■ Provided records
◇ ◇ ◇ ◇

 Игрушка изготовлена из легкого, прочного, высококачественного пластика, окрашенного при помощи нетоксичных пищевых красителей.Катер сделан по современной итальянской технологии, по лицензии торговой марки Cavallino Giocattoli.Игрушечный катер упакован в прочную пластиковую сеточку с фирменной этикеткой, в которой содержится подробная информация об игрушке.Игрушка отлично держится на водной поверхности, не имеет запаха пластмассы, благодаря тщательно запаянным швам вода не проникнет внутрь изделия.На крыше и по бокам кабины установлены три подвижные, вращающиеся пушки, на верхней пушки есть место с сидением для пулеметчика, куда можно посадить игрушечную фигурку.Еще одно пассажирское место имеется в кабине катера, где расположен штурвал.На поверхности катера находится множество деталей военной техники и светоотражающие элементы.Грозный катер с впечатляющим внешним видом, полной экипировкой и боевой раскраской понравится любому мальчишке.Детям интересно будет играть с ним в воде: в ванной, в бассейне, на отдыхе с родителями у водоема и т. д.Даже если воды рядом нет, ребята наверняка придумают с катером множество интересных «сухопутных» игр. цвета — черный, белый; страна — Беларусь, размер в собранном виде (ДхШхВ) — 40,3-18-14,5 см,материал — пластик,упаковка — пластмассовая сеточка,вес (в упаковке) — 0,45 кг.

◇ ◇ ◇ ◇

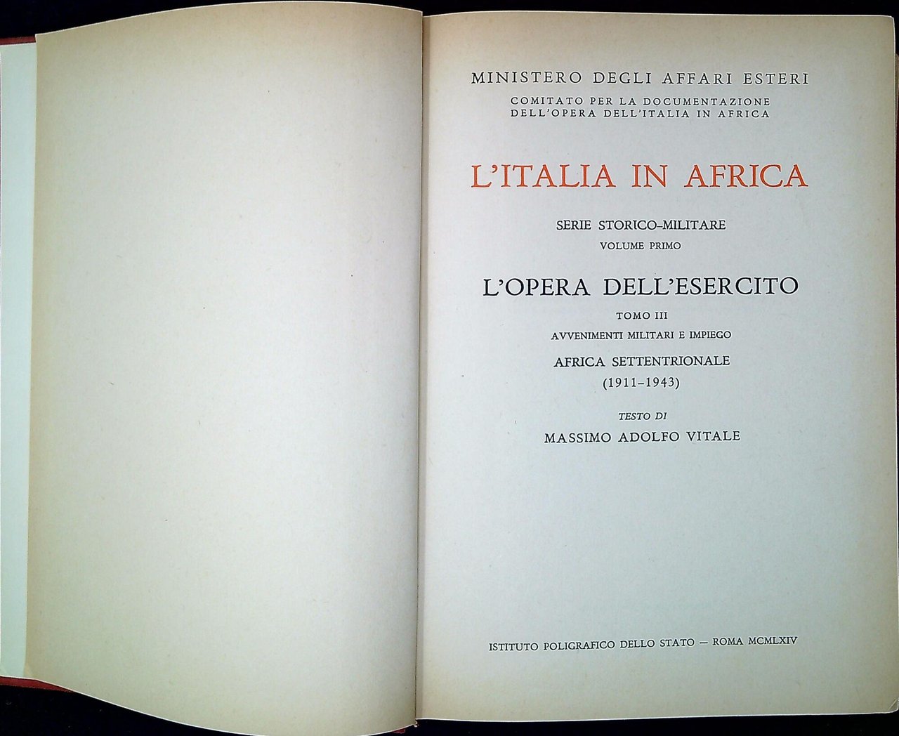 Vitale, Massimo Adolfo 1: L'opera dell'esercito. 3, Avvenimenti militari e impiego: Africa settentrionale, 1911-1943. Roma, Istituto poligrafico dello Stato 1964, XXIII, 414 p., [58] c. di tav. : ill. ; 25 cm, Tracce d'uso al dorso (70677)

◇ ◇ ◇ ◇

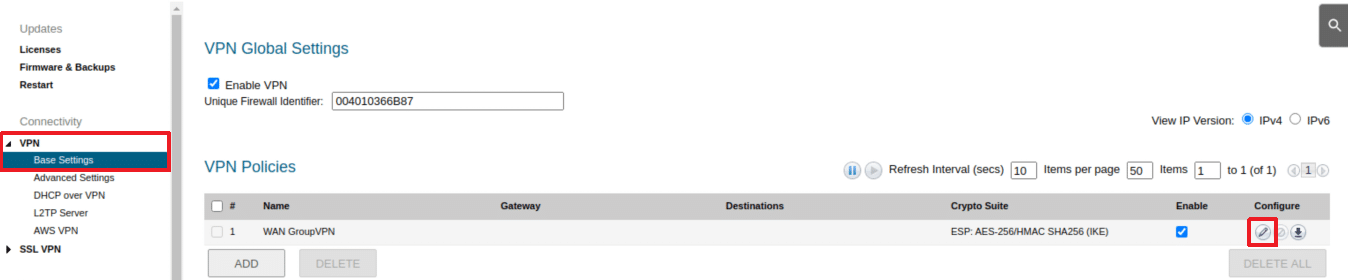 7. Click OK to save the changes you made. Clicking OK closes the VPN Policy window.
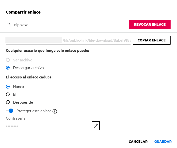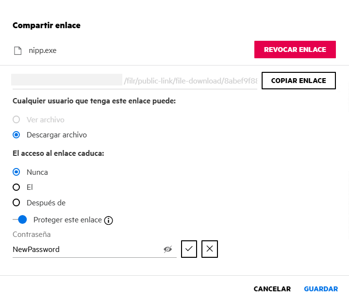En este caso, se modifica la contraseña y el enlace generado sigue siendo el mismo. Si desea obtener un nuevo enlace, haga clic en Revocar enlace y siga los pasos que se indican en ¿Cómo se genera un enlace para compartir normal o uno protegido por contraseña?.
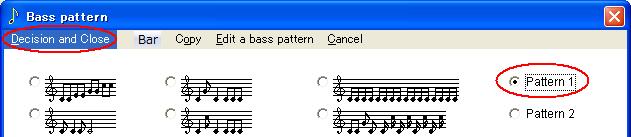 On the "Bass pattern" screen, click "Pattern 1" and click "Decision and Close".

◇ ◇ ◇ ◇

■ What you will do
Find the line with "7. Click OK" in the entries above. Set down exactly every line from it up to and including the line with "En este caso, se", images excluded.

■ Task solution
 7. Click OK to save the changes you made. Clicking OK closes the VPN Policy window.
En este caso, se modifica la contraseña y el enlace generado sigue siendo el mismo. Si desea obtener un nuevo enlace, haga clic en Revocar enlace y siga los pasos que se indican en ¿Cómo se genera un enlace para compartir normal o uno protegido por contraseña?.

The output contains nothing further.